Funerary stela of Neferher and his wife Senet - ROM2018_16242_13


Funerary stela of Neferher and his wife Senet

Geography: Possibly Luxor or Armant, Egypt
Date: c. 2181-2040 BC
Period: 1st Intermediate Period
29 × 29.7 × 3.4 cm
Object number: 957.124
Credit Line: Gift of a Friend of the Museum
On view
Gallery Location:Galleries of Africa: Egypt

 This stela is a very good example of the work of provincial artists during the First Intermediate Period and early 11th Dynasty. Neferher, the man, leads his little family.  In his lower hand he carries a club, so he may have been a soldier.  His forward hand holds a staff as a sign of his status.  In front of him float various items of offerings: a leg of beef, beefheart, ribs, and head; a trussed duck;  jars of wine and water; and a small offering table with the traditional bread and beer, with the head of a gazelle for good measure.
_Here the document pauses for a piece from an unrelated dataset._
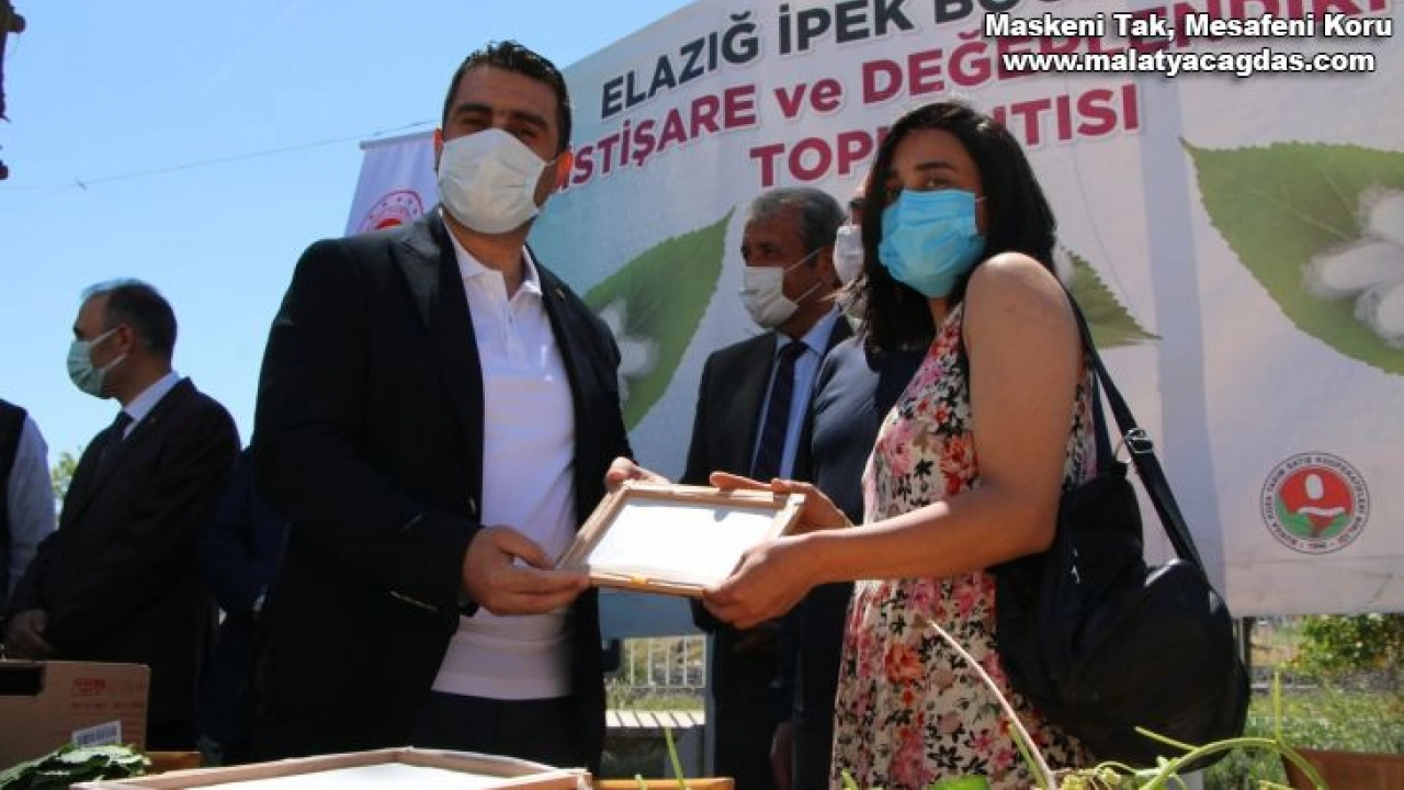 İpekböceği yetiştiriciliğinin öneminde ve paydaş kurumlarla birlikte verdikleri desteklere değinen İl Tarım ve Orman Müdürü Turan Karahan, “İpekböcekçiliği kadim tarihten beri Elazığ ilinde yapılan ancak son dönemlerde sentetik ipliklerin gelişmesiyle birlikte yok olmayla yüz yüze kalmış olan bir sektör. Biz de iki sene önce bütün paydaşlarımızla bir araya gelerek Elazığ’da bu sektörü yeniden canlandırmaya karar verdik. Valiliğimiz koordinesinde yürüttüğümüz bu proje ile birkaç köyümüzde ilk denemelerini başarılı bir şekilde yürüttüğümüz projenin Orman Bölge Müdürlüğü’nden temin ettiğimiz yaklaşık 30 bin adet çınar yapraklı dut fidanının dağıtımını yüzde yüz hibe ile gerçekleştirdik. Yine aynı şekilde 2 senede temin ettiğimiz yumurtaları üreticilerimizle buluşturduk ve başarılı denemeleri geride bıraktık. Bugün yine 140 kutu ipekböceği yumurtasını birlikten temin ederek ücretsiz bir şekilde üreticilerimize dağıtımını gerçekleştiriyoruz” dedi.

His name can mean ‘handsome-of-face’ and is a traditional epithet of the god Ptah.

Senet, the wife, holds her husband’s hand affectionately, Meat offerings float in the space between them, and a large waterlily, symbol of sweetness and beauty as well as rebirth, floats before her legs.  Her name could be read as ‘the second one’ or ‘sister.’

The final character is a small boy, Montuhotep, who grasps his mother’s hand as he drifts in the space behind her.  Though Senet and Neferher are dressed in linen kilts and wear jewellery, the little boy is naked but for his necklace. His name honours the war god, Montu, and suggests the stele was carved in Upper Egypt, either at Armant or Thebes.

Although the composition lacks elegance and symmetry, husband and wife do share a ground-line.  Across the top of the stele in an almost straight line is the usual offering formula: “A gift which the king gives (consisting of) bread, beer, beef, fowl, and travertine jars (of ointment) for the ka of the revered one, Nefer-Her; (and) the voice-offerings of bread and beer, beef and fowl for the revered one, his wife, whom he loves, Senet.” Their son’s name is carved above his head.

Such simple stele honour the love and commitment of these ancient peoples to each other, and attest their faith in a future life together.